REQUIRED ACTION = Search the listing below for the string "that", then copy every line it appears in.
(Beginning of RECORDS PROVIDED)
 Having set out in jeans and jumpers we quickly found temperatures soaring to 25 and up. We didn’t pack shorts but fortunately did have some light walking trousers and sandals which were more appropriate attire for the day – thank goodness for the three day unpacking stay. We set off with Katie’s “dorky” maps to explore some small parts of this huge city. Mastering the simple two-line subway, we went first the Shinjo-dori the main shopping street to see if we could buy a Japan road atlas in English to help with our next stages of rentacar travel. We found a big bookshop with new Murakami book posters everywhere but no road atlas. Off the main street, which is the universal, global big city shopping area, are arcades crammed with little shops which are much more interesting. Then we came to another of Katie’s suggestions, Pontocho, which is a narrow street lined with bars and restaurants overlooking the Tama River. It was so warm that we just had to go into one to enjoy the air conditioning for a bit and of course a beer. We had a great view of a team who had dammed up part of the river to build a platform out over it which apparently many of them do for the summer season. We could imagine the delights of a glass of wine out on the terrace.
(End of RECORDS PROVIDED)
(Beginning of RECORDS PROVIDED)
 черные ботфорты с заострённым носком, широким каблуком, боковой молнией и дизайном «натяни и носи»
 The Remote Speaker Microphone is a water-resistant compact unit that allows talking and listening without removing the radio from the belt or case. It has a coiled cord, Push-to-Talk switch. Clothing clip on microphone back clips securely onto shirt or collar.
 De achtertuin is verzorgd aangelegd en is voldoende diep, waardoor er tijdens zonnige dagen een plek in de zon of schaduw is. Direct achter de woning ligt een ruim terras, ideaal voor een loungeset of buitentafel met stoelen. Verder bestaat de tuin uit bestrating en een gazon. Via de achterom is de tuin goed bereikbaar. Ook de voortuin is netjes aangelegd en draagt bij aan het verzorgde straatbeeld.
(End of RECORDS PROVIDED)
RESULT OF THIS TASK =
 Having set out in jeans and jumpers we quickly found temperatures soaring to 25 and up. We didn’t pack shorts but fortunately did have some light walking trousers and sandals which were more appropriate attire for the day – thank goodness for the three day unpacking stay. We set off with Katie’s “dorky” maps to explore some small parts of this huge city. Mastering the simple two-line subway, we went first the Shinjo-dori the main shopping street to see if we could buy a Japan road atlas in English to help with our next stages of rentacar travel. We found a big bookshop with new Murakami book posters everywhere but no road atlas. Off the main street, which is the universal, global big city shopping area, are arcades crammed with little shops which are much more interesting. Then we came to another of Katie’s suggestions, Pontocho, which is a narrow street lined with bars and restaurants overlooking the Tama River. It was so warm that we just had to go into one to enjoy the air conditioning for a bit and of course a beer. We had a great view of a team who had dammed up part of the river to build a platform out over it which apparently many of them do for the summer season. We could imagine the delights of a glass of wine out on the terrace.
 The Remote Speaker Microphone is a water-resistant compact unit that allows talking and listening without removing the radio from the belt or case. It has a coiled cord, Push-to-Talk switch. Clothing clip on microphone back clips securely onto shirt or collar.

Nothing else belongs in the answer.